Ray Dalio says cash is not a safe place right now despite heightened market volatility

Ray Dalio says cash is not a safe place right now despite heightened market volatility

Bridgewater Associates’ Ray Dalio stood by his perception that cash is not the place to be despite the volatility within the markets triggered by the brand new omicron Covid variant.

“Cash is not a safe investment, is not a safe place because it will be taxed by inflation,” the founding father of the world’s largest hedge fund stated Tuesday on CNBC’s “Squawk Box.”

Throughout turbulent instances, it is also necessary to be in a safe, well-balanced portfolio, the billionaire investor stated.

“You can reduce your risk without reducing your returns. You will not market-time this. Even if you were a great market timer, the things that are happening can change the world, so it changes what could be priced into the market,” Dalio stated.

The omicron Covid pressure, first recognized in South Africa, rattled the inventory market on Black Friday after the World Well being Group labeled it a “variant of concern.” The Dow Jones Industrial Common slid 900 factors Friday to endure its worst day since October 2020. Inventory futures indicated one other massive down day following a rebound on Wall Road Monday as buyers monitored the continued well being disaster.

The inventory market rebounded swiftly from the pandemic backside in March 2020 because of the huge fiscal and financial stimulus measured that the federal government and the Federal Reserve orchestrated to assist the economic system. Nonetheless, the surplus cash provide within the system might create sure financial and political issues, Dalio stated.
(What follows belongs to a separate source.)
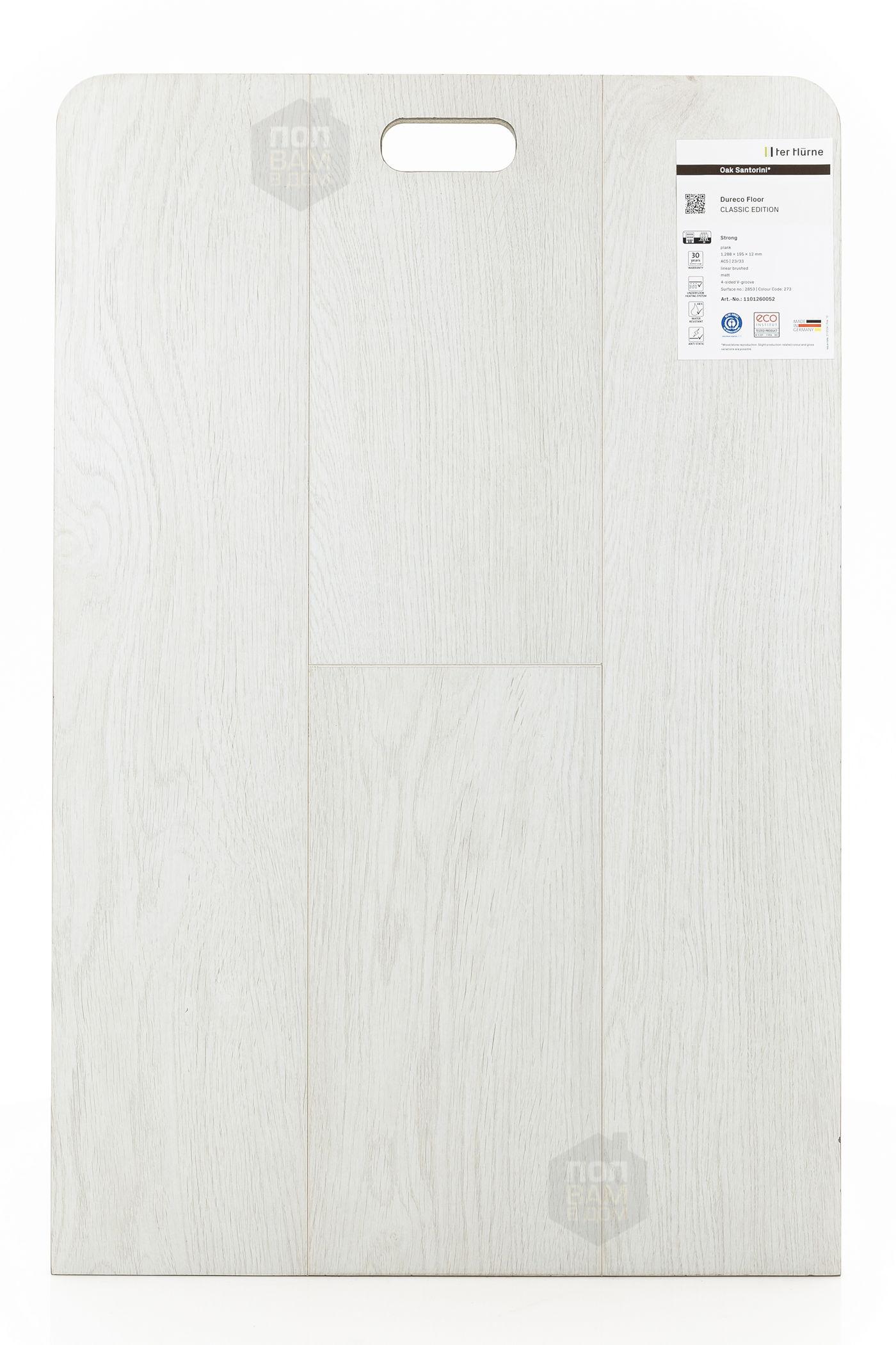 Ламинат Dureco Дуб Santorini 2852 - цена 4 650 руб. за квадратный метр. Это покрытие толщиной 12 мм, порода дерева - дуб, фаска с 4-х сторон. Брашированная поверхность ламината имеет светлый оттенок и матовый блеск. Для того, чтобы купить в интернет-магазине ламинат из коллекции Dureco Classic Line Дуб Santorini 2852, положите товар в корзину или свяжитесь с нами любым доступным способом. Привезем под заказ до 1 мес.

“You can’t raise living standards by raising the amount of money in credit in the system because that’s just more money chasing the same amount of goods,” he stated. “It will affect financial markets in the ways we’ve seen and it will affect inflation rate. It won’t raise living standards in an important way. As inflation then begins to bite, it has political consequences.”

A key inflation gauge spiked in October, accelerating at its quickest tempo because the early Nineteen Nineties, in keeping with costs for private consumption expenditures excluding meals and power, a measure intently adopted by Fed policymakers.

The central financial institution has been wrestling with inflation that has been extra aggressive and chronic than they’d anticipated. Officers have stated they consider inflation is on the level the place they’ll begin steadily decreasing the quantity of month-to-month stimulus they’re offering by way of bond purchases.

“What we are seeing happen has played out many, many times in history; it’s like watching the movie over again,” Dalio stated.